How much information do LLMs really memorize? Now we know, thanks to Meta, Google, Nvidia and Cornell

6 hours ago

0 0 6 minutes read

Become a member of the event that is trusted by business leaders for almost two decades. VB Transform brings together the people who build the real Enterprise AI strategy. Leather

Most people who are interested in Generative AI probably already know that great language models (LLMS) – such as those behind Chatgpt, Anthropic’s Claude and Google’s Gemini – are trained on mass data sets: trillions of words from websites, books, code bases and, more and more, other media, audio, audio and video. But why?

From this data, LLMS develops a statistical, general understanding of language, the patterns and the world – encrypted in the form of billions of parameters, or ‘institutions’, in a network of artificial neurons (those mathematical functions are that converting input data into inventions signals).
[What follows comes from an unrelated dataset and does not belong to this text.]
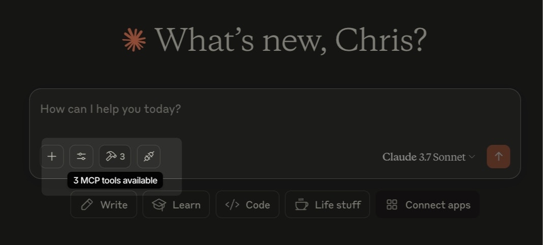 In your chat window, you can now interact with the tools included in your MCP server that's connected

By being exposed to all these training data, LLMS learn to detect and generalize patterns that are reflected in the parameters of their neurons. The word ‘apple’, for example, often appears near terms related to food, fruit or trees, and sometimes computers. The model takes that apples can be red, green or yellow, or sometimes even other colors if they are rotten or rare, “apple” are spelled in English and are edible. This statistical knowledge influences how the model responds when a user enters a prompt – shaping the output it generates on the basis of the associations that it “has learned” of the training data.

But a big question – even under AI researchers – continues to exist: how much of the training data of an LLM is used to build generalized representations of concepts, and how much is instead to remember Literally or stored in a way that is identical or almost identical to the original data?

This is not only important to better understand how LLMS works – and when they go wrong – but also as model providers defend themselves in infringement of copyright infringement on court cases that have been filed by data makers and owners, such as artists and record labels. If it is shown that LLMS literally reproduces considerable parts of their training data, courts may rather be the side of claimants and claim that the models have copied illegally protected material. If not – if the models are found to generate output on the basis of generalized patterns instead of exact replication – developers may continue to scrape and train on copyrighted data under existing legal defenses such as reasonable use.

Now we finally have an answer to the question of how many LLMs remember versus generalize: A new study released this week From researchers from Meta, Google DeepMind, Cornell University and Nvidia thinks so GPT style models have a fixed memorization capacity of approximately 3.6 bits per parameter.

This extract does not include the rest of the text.